The ASCII charting path returned something different:

{
  "status": "generated",
  "format": "ascii",
  "content": "┌──────────────────────────────────────┐\n│ DuckDB ████████████████████  264ms   │\n└──────────────────────────────────────┘"
}

One tool call returns the chart inline, so both the LLM and the user see it immediately.

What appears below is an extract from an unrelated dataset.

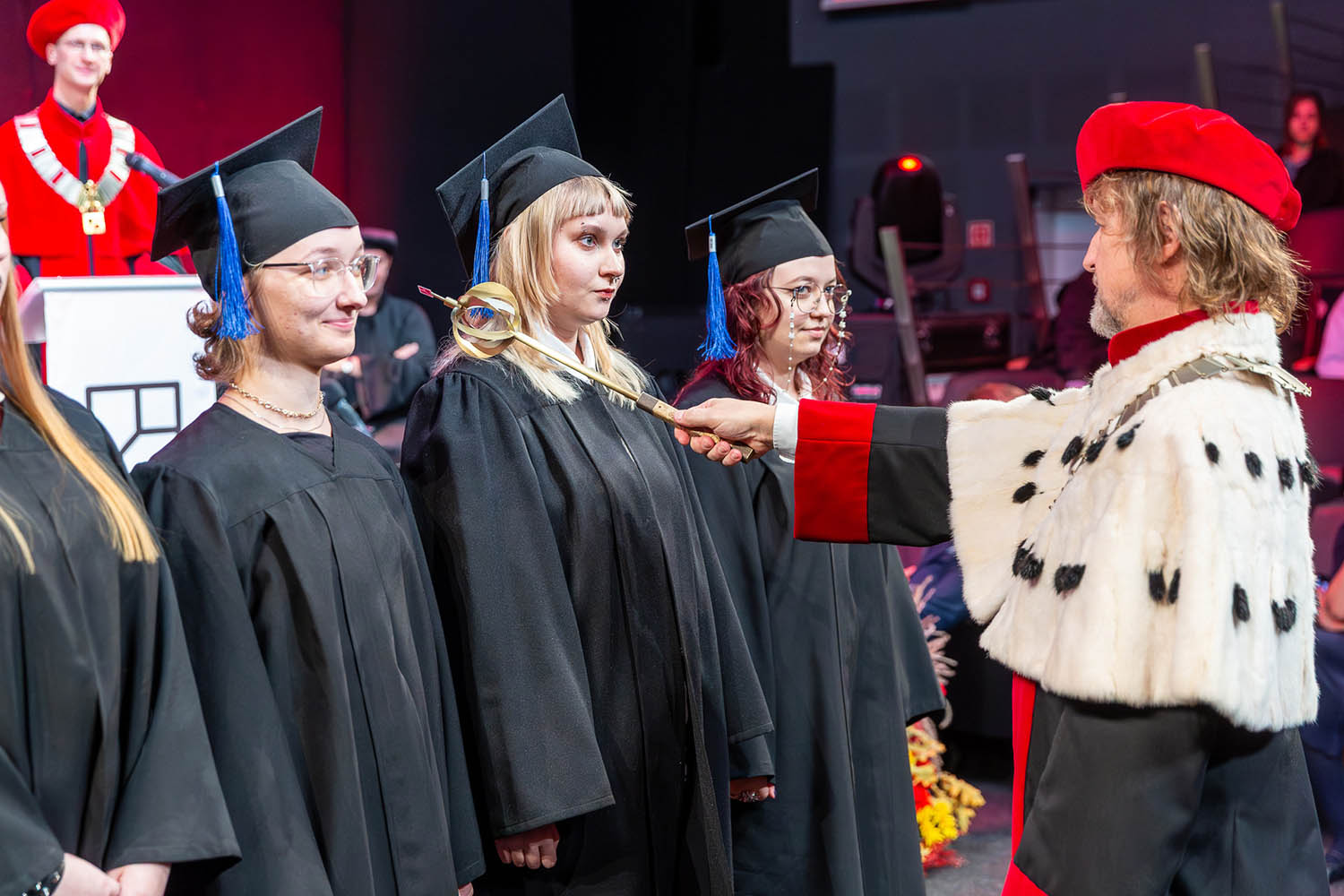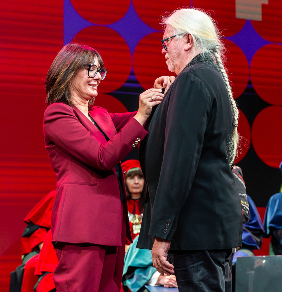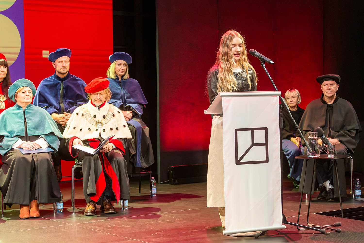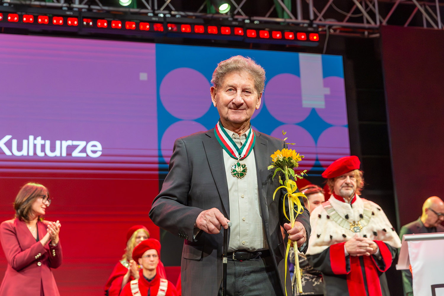 Jednym z najważniejszych momentów inauguracji było nadanie tytułu doktora honoris causa prof. Mirosławowi Bałce – wybitnemu polskiemu artyście, który dołączył do grona uhonorowanych tą godnością jako dziesiąty w historii uczelni. W wygłoszonej laudacji prof. Tomasz Matuszak podkreślił, że artysta konsekwentnie podejmuje w swojej twórczości fundamentalne tematy ludzkiego doświadczenia – ciała, pamięci, przemijania, śmierci i Zagłady – nadając im głęboki, uniwersalny wymiar.

That contrast is what crystallized the decision. Every real usage pattern we had was text-based: the CLI printed to terminals, the MCP server responded to LLMs, and CI pipelines wrote to log files. Inline ASCII content served all three; HTML files served none.

The dependency tax¶

Committing to inline ASCII also meant we could simplify. The Plotly pipeline carried real maintenance costs.

Install weight: Plotly is approximately 43 MB. Its dataframe compatibility layer (narwhals) adds another 3.3 MB. Total: around 46 MB of optional dependencies for an output format that didn’t match our users’ workflow. The ASCII implementation adds zero bytes of external dependencies.

The dual data model: Every chart type existed in two parallel hierarchies with a conversion layer in exporters.py translating between them:

Plotly Model	ASCII Model	Chart Type
BarDatum	BarData	Bar chart
TimeSeriesPoint	LinePoint	Line chart
CostPerformancePoint	ScatterPoint	Scatter plot
DistributionSeries	BoxPlotSeries	Box plot
QueryLatencyDatum	HistogramBar	Histogram

Adding a new chart type meant implementing it in both systems, writing two sets of data models, building the conversion logic, and maintaining two sets of tests. This is the complexity that makes contributors hesitate before submitting a pull request.

Maintenance surface area: The Plotly-specific code, including source, tests, examples, and tooling, totaled approximately 3,000 lines. The removal commit touched 42 files and deleted 12 entirely. Plotly is excellent for dashboards, notebooks, and web applications, contexts where users have browsers and expect interactive visualizations. For a CLI tool, those maintenance costs need to earn their place against how users actually consume the output.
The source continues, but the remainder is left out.